Politique : L’anti-corruption repart de plus belle

L’anti-corruption repart de plus belle

« Même si l’anti-corruption a marqué plusieurs victoires en 2020, la corruption reste la plus grande menace à la gouvernance du Parti ». C’est en ces termes que le Président Xi Jinping s’est adressé à 130 cadres lors de l’assemblée plénière de la Commission centrale de l’inspection de la discipline (CCID) le 22 janvier à l’hôtel Jingxi (Pékin). Signe de l’importance de l’évènement, les six autres membres du Comité permanent ont également assisté à la réunion. La veille, la CCTV lançait un programme en quatre épisodes, retraçant les parcours de 16 grands corrompus et détaillant leurs vices.

De fait, 2020 a été un bon cru pour l’anti-corruption : la CCID se targue d’avoir attrapé dans ses filets 32 cadres de niveau provincial ou ministériel, ramené 1 229 fugitifs de l’étranger, récupéré 2,4 milliards de yuans de fonds détournés, et sanctionné 197.761 cadres pour avoir violé les règles de frugalité.
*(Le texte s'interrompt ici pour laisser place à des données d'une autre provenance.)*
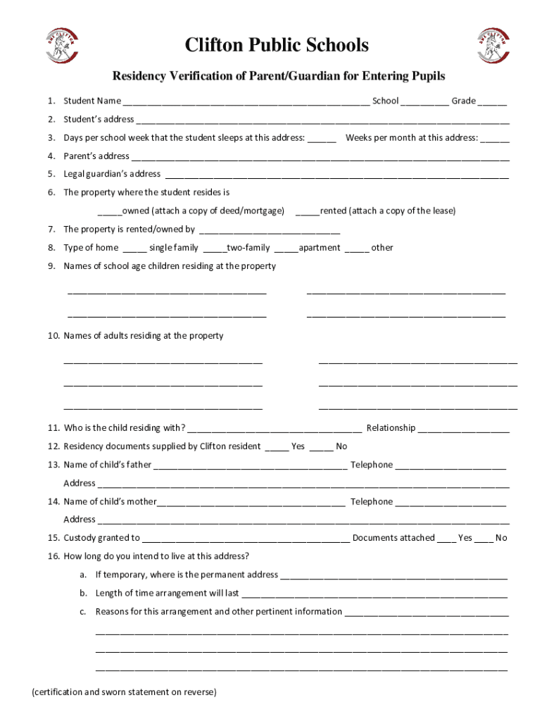 Clifton Public Schools Residency Verification of Parent/Guardian for Entering Pupils 1. Student Name ___ School ___ Grade ___ 2. Students address ___ 3. Days per school week that the student sleeps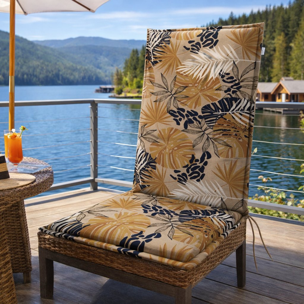 Polstr s vysokou opěrkou řady LIVING je v provedení s obšitým lemem, prošitý kroužkově 4x v opěradle. Uchycení je pomocí posuvné spony. Díky sponě si můžete nastavit velikost dle rozměru a druhu židle, spona je pevná a nevytahuje se. Upevnění sedáku je pomocí dvou tkaniček v ohybu polstru. Síla polstru je optimální pro všechny druhy židlí. Provedení je vhodné i do náročných podmínek kaváren, zahrádek a restaurací. Potah je nesnímatelný.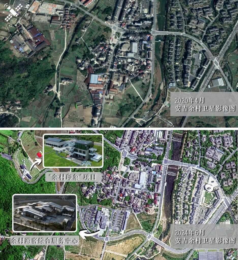解讀:2020年4月原貌(上圖)對比2024年6月新貌(下圖),安吉余村將廢棄廠房改造為“余村印象”項目,并建成余村游客綜合服務(wù)中心。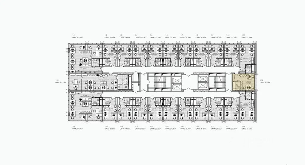 Офисные помещения площадью от 20,3 до 197, 03 кв.м. и высотой потолков 3 метрах находятся с 3 по 27 этаж.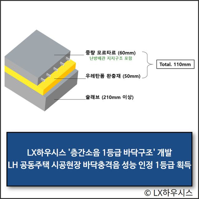 LX하우시스가 개발한 층간소음 1등급 바닥구조는 슬라브(210mm) 위에 우레탄폼의 완충재와 중량 모르타르가 적용된 구조다. 우레탄폼 완충재(50mm)와 중량 모르타르(60mm)를 총 110mm 구조로 설계, 기존 아파트의 바닥 마감층 두께와 동일해 두께를 늘리지 않으면서도 바닥 충격음을 줄였다.

Entrant dans sa neuvième année, la croisade anti-corruption de Xi Jinping n’a plus tellement comme objectif premier de purger ses rivaux pour consolider son pouvoir, mais plutôt d’éviter que des scandales de corruption ne viennent menacer la sacro-sainte « sécurité nationale ». Cette année, la CCID devra redoubler d’efforts pour s’assurer que les cadres « n’osent, ne peuvent, et n’aient pas de désir de commettre des actes de corruption » (不敢腐、不能腐、不想腐), précise le communiqué.

Pour s’en assurer, trois cibles ont été désignées pour 2021 : les services de maintien de l’ordre et la justice (la fameuse campagne de « rectification » annoncée au printemps dernier) ; les entreprises d’État et les projets d’infrastructures ; ainsi que le secteur de la finance. « Nous devons nous concentrer sur les cas de corruption où les problèmes politiques et économiques sont liés », ajoute le communiqué.

C’est donc sous cette lumière qu’il faut voir la condamnation à mort le 5 janvier de Lai Xiaomin (cf photo), ancien président de l’une des grandes sociétés de gestion d’actifs contrôlées par l’Etat, China Huarong Asset Management. Qualifié « d’ennemi au sein du système financier », il aurait accepté pour 1,8 milliard de yuans de pots-de-vin et entretenu plus de 100 maitresses. La rumeur voudrait que pour éviter la peine capitale, les enquêteurs aient exigé de Lai Xiaomin sa pleine coopération et qu’il dénonce tous ses complices. Mal lui en a pris, puisqu’il a tout de même été exécuté le 29 janvier, un peu plus de trois semaines après sa condamnation… Pour éviter de tels scandales à l’avenir, le gouvernement envisagerait d’ailleurs de créer une « holding » dirigée par un cadre au rang de vice-ministre, pour superviser les quatre structures de défaisance (China Orient Asset Management, China Cinda Asset Management, China Great Wall Asset Management et China Huarong Asset Management) créées en 1999 pour soulager les plus grandes banques d’État (« les quatre sœurs ») de leurs actifs faillis. C’est également le sort réservé à Ant Group, filiale d’Alibaba, qui devrait être transformé en « holding financière » supervisée par la Banque Centrale.

Le 7 janvier, c’est Hu Huaibang, ancien président de la China Development Bankl’une des trois banques de développement du pays, qui finance notamment nombre de projets de l’initiative Ceinture et Route (BRI)– qui écopait de la prison à vie pour avoir « seulement » empoché 85,5 millions de yuans.

Si les punitions sont si sévères, c’est pour faire d’eux des exemples pour tous les dirigeants à la tête d’entités publiques financières. Pourtant, ce n’est pas nécessairement cette « corruption de haut vol », de certains bureaucrates mal intentionnés, qui empoisonne la vie de la population, mais plutôt la « corruption ordinaire », tel ce cadre d’un village qui détourne les fonds dédiés à la lutte contre la pauvreté, ou encore ce proviseur qui se fait corrompre par des familles influentes… Pas aussi médiatisée, elle est tout aussi nocive.